# Good idea for this ban?



## Gael (Mar 27, 2014)

A ban on smoking in cars there in the Republic of Ireland. While I feel that should be the case with children in the car, how realistic is it to expect it to be enforced? The garda are so lax to begin with, they would be the last ones to crack down on this.

http://www.irishcentral.com/news/po...-Minister-poised-to-ban-smoking-in-cars-.html


----------



## That Guy (Mar 27, 2014)

Funny you should mention this as I was just pondering this morning about how we came to ban this and ban that and on and on and on.  Personally, I'm tired of being told how, what and where I can be "free".  The squeeze is on...


----------



## Falcon (Mar 27, 2014)

The land of the free?  HAH!


----------



## Gael (Mar 27, 2014)

That Guy said:


> Funny you should mention this as I was just pondering this morning about how we came to ban this and ban that and on and on and on.  Personally, I'm tired of being told how, what and where I can be "free".  The squeeze is on...



I have no problem with banning those things that harm us and especially what harms children. But the enforcement is the issue in this case.


----------



## Gael (Mar 27, 2014)

Falcon said:


> The land of the free?  HAH!



This is the Republic of Ireland where it's occurring. But maybe they qualitify for that American expression too as they fought and won their freedom from England. However, they have a lax law enforcement system.


----------



## Justme (Mar 27, 2014)

Gael said:


> A ban on smoking in cars there in the Republic of Ireland. While I feel that should be the case with children in the car, how realistic is it to expect it to be enforced? The garda are so lax to begin with, they would be the last ones to crack down on this.
> 
> http://www.irishcentral.com/news/po...-Minister-poised-to-ban-smoking-in-cars-.html



Good for Ireland. They are supposed to be thinking of banning smoking in cars if children are present here in the UK. I don't think drivers should be permitted to smoke as it means they have to keep taking their hand off the wheel. They aren't permitted to eat, using their hands, or drink from a cup etc whilst driving.


----------



## Gael (Mar 27, 2014)

Justme said:


> Good for Ireland. They are supposed to be thinking of banning smoking in cars if children are present here in the UK. I don't think drivers should be permitted to smoke as it means they have to keep taking their hand off the wheel. They aren't permitted to eat, using their hands, or drink from a cup etc whilst driving.



Yes indeed! Why is it ok to have you hand off the wheel for other things, but it's ok if it's a cigarette?
I was hit head on by a driver with their hand off the wheel so it's a sore subject for me.


----------



## Justme (Mar 27, 2014)

Gael said:


> Yes indeed! Why is it ok to have you hand off the wheel for other things, but it's ok if it's a cigarette?
> I was hit head on by a driver with their hand off the wheel so it's a sore subject for me.

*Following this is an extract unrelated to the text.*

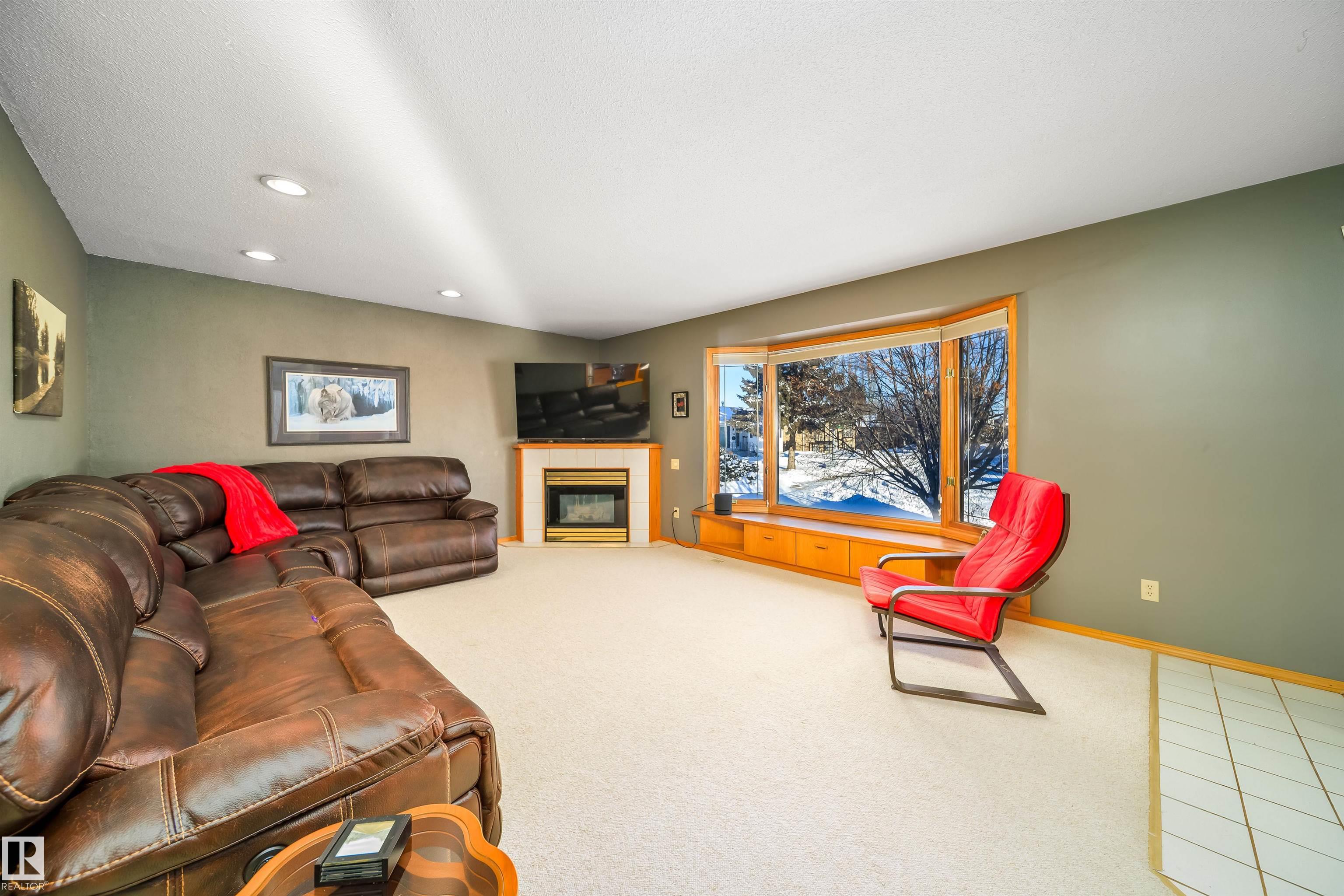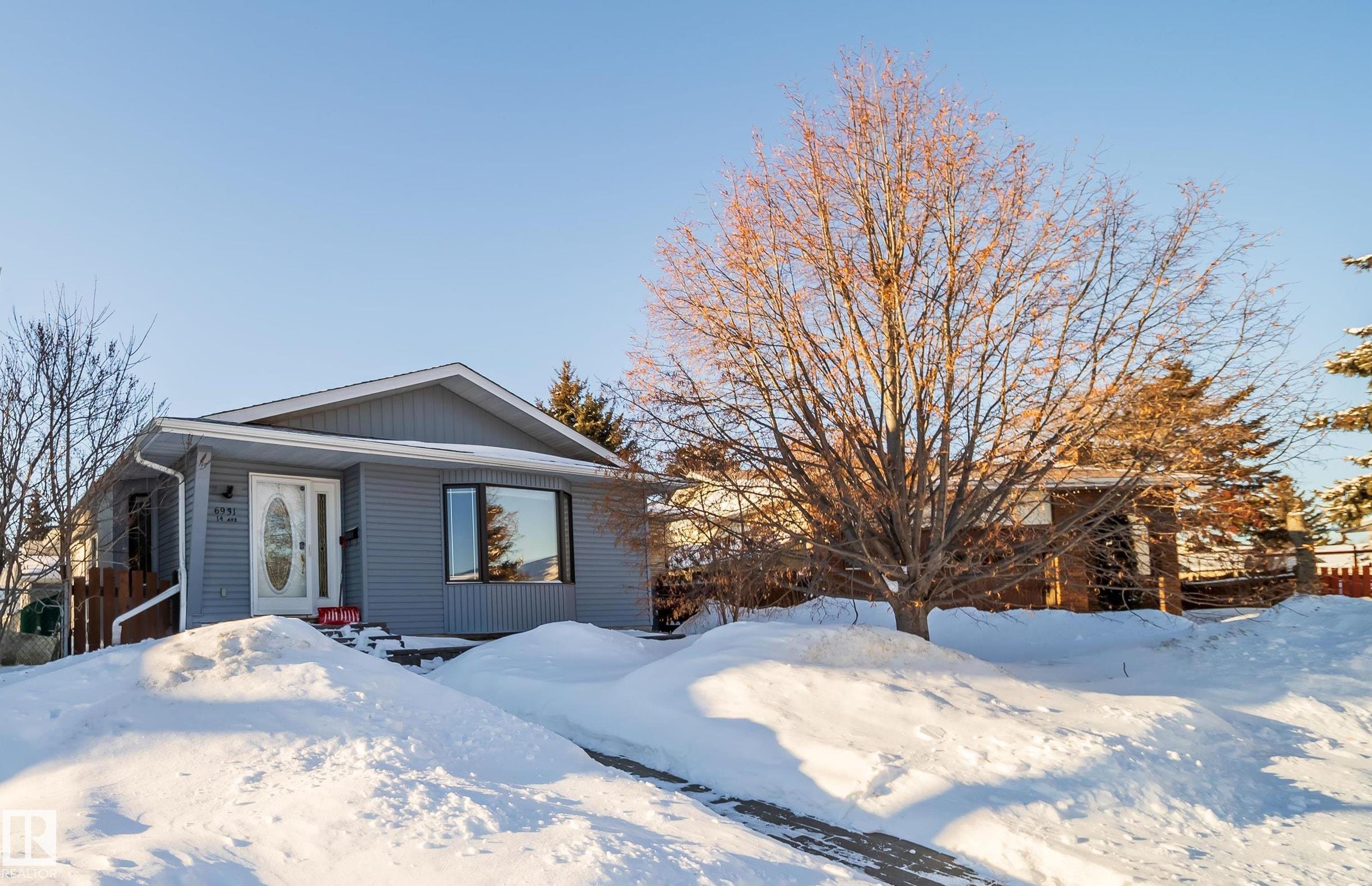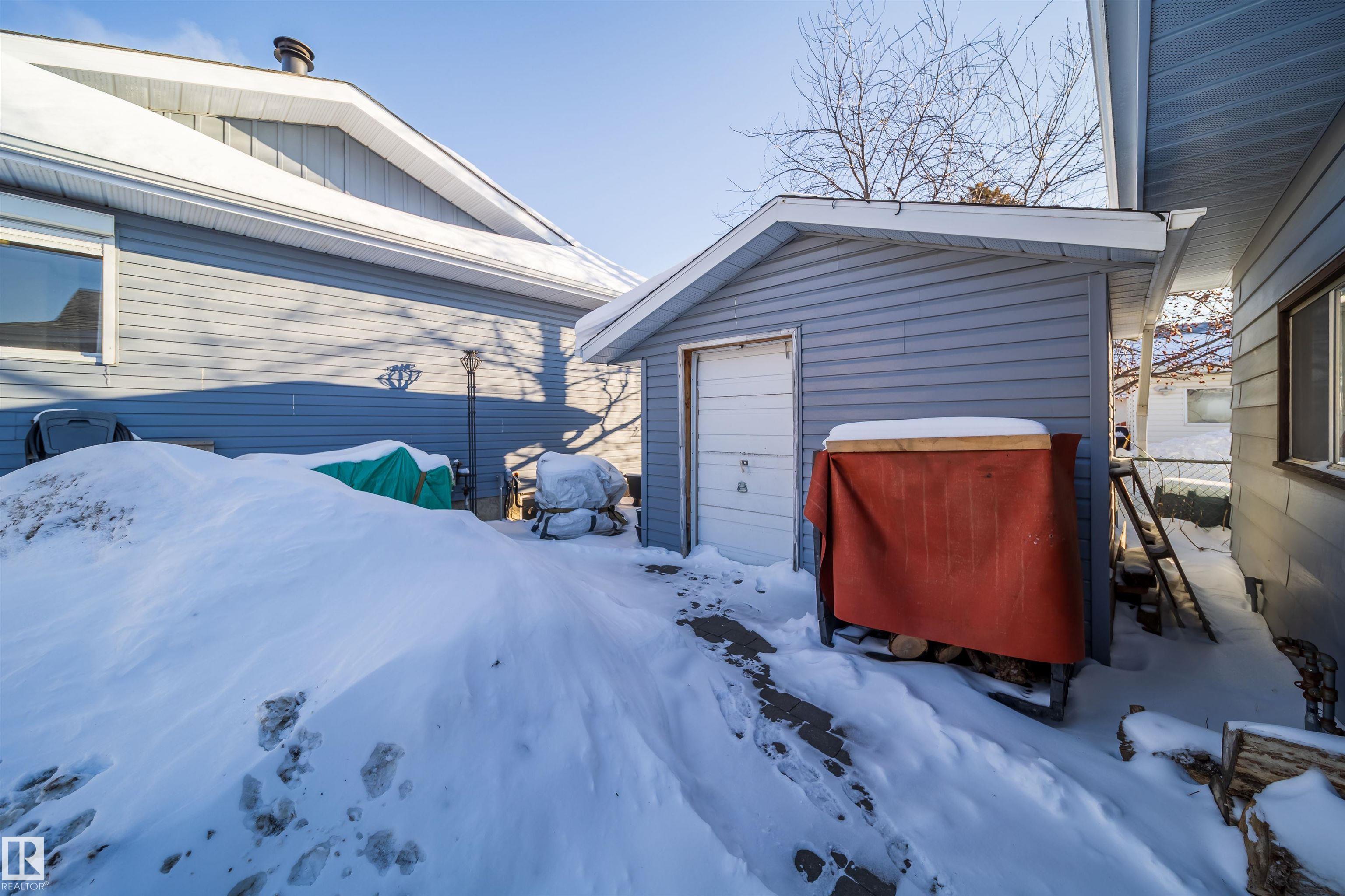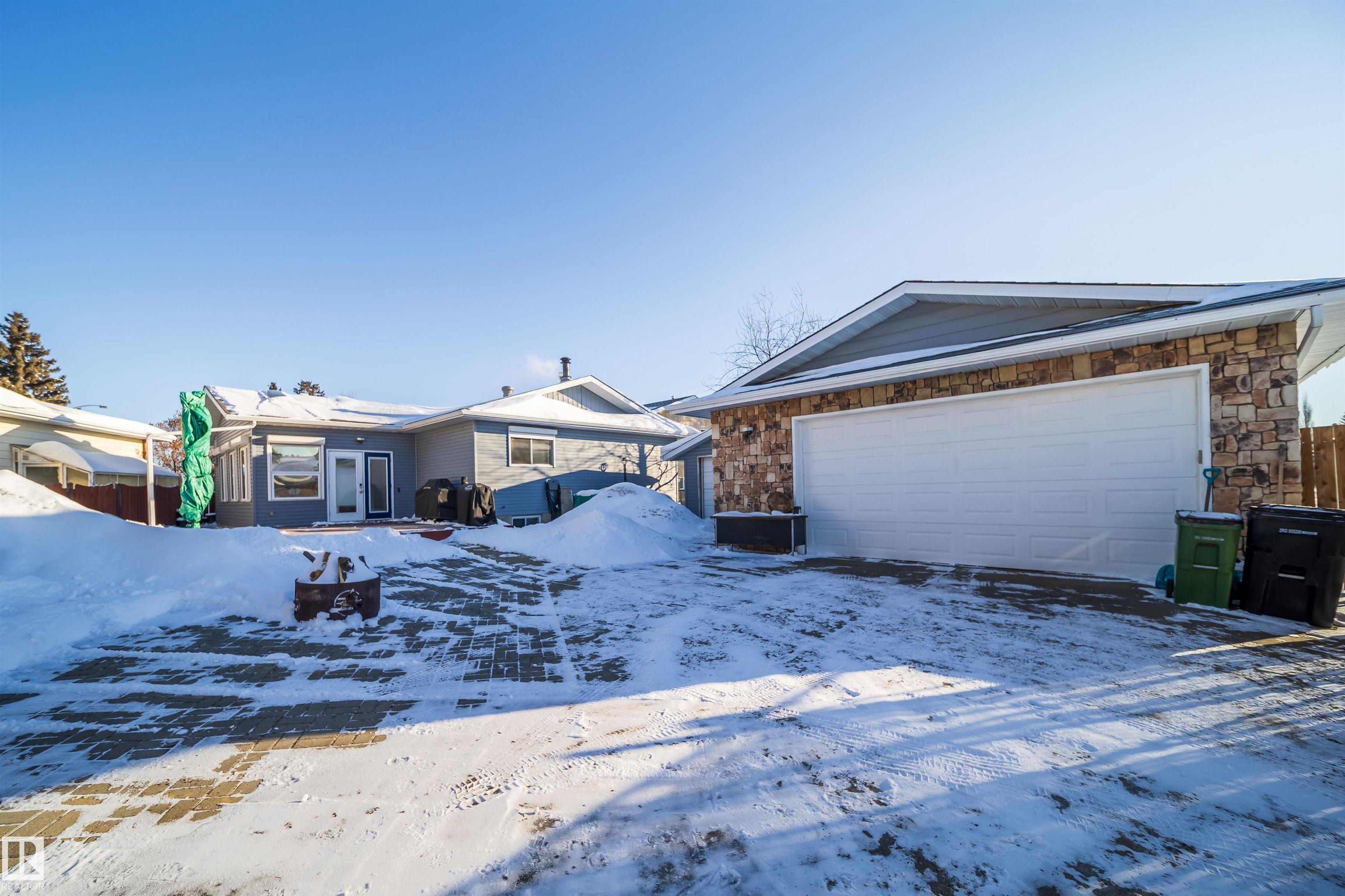 This 4 BED, 3 BATH BUNGALOW is on a quiet street, has OVER 2500 SqFt of finished living space and a LARGE BACK YARD! Walking distance to MENISA Elementary and Park. The spacious living room room is cozy with a gas fireplace and large bay window. Tons of oak cabinets, counter space and quality GE + BOSCH appliances in the kitchen, plus a breakfast nook and formal dining room. The ALL-SEASON SUNROOM is bright with tons of windows and skylights, and warmed by another gas fireplace. 3 generous bedrooms upstairs, with built-in closets, and the primary with 2pc ensuite bath. A huge recreation room downstairs with wood fireplace, 4th bedroom, bath with large shower, laundry room, tons of storage and potential for 5TH BEDROOM. The SOUTH FACING BACKYARD is perfect for entertaining with a large deck, patio stone and firepit. RV parking and a O/S DBL DETACHED HEATED GARAGE, plus storage shed. Upgrades include a newer roof, deck, A/C, and roll shutters. Close to parks and schools and easy access to Anthony Henday.

That is really silly, I agree.


----------



## Capt Lightning (Mar 27, 2014)

Gael, I'm sure the RoI could address more important issues than smoking in cars.  What about the North  - I seem to recall the 'police' there were, shall I say, "extremely zealous".


----------



## Gael (Mar 27, 2014)

Capt Lightning said:


> Gael, I'm sure the RoI could address more important issues than smoking in cars.  What about the North  - I seem to recall the 'police' there were, shall I say, "extremely zealous".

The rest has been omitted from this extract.